= Explore-then-commit algorithm =

Algorithm for the multi-armed bandit problem

Explore Then Commit (ETC) is an algorithm for the multi-armed bandit problem focused on finding the best trade-off between exploration and exploitation.

== Multi-armed bandit problem ==

The multi-armed bandit problem is a sequential game where one player has to choose at each turn between $K$ actions (arms).
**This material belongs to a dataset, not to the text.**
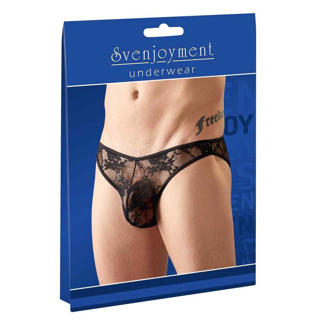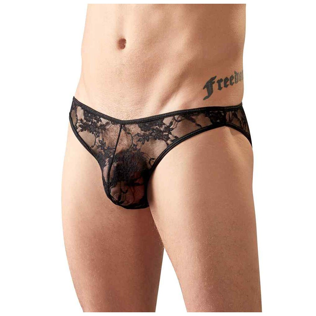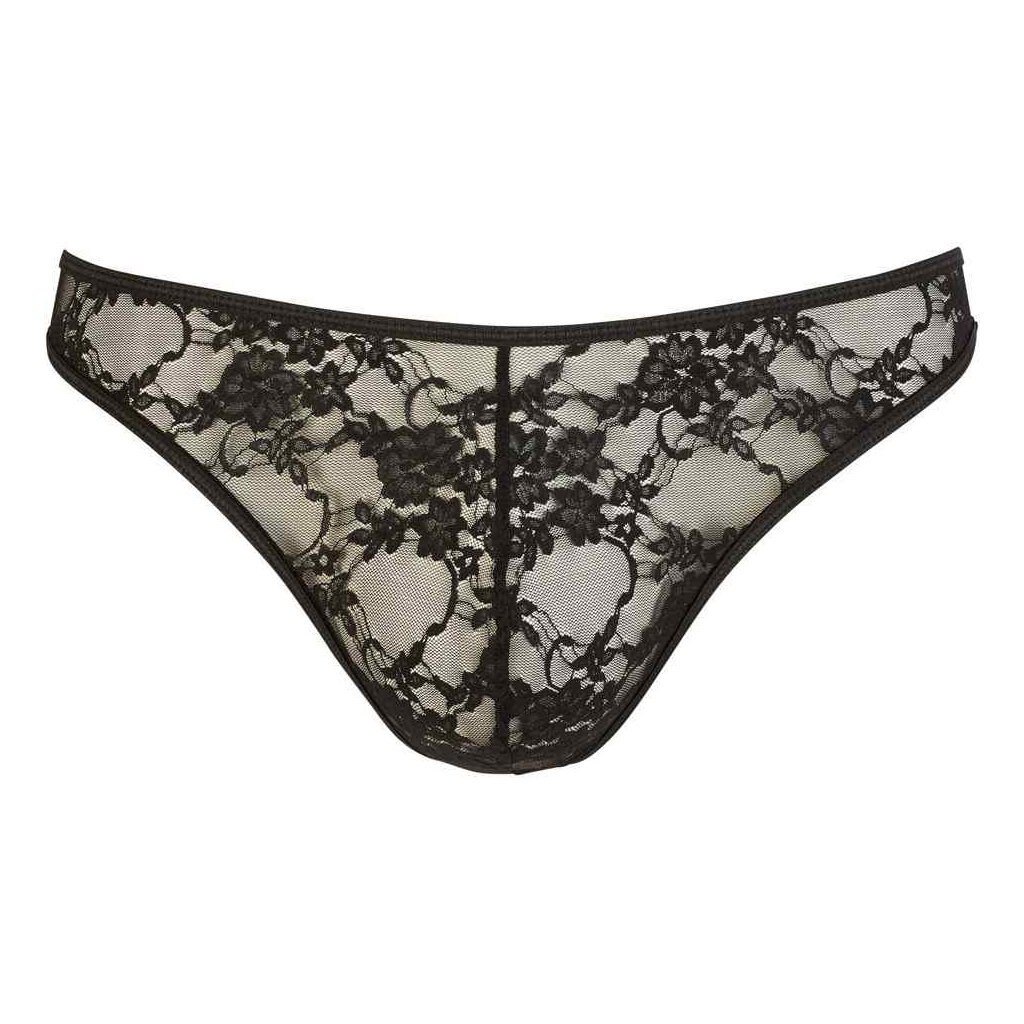 Der schwarze Slip aus elastischer Spitze sorgt für die perfekte Passform. Säume schmal eingefasst.

Behind every arm $a$ is an unknown distribution $\nu_a$ that lies in a set $\mathcal{D}$ known by the player (for example, $\mathcal{D}$ can be the set of Gaussian distributions or Bernoulli distributions).

At each turn $t$ the player chooses (pulls) an arm $a_t$, they then get an observation $X_t$ of the distribution $\nu_{a_t}$.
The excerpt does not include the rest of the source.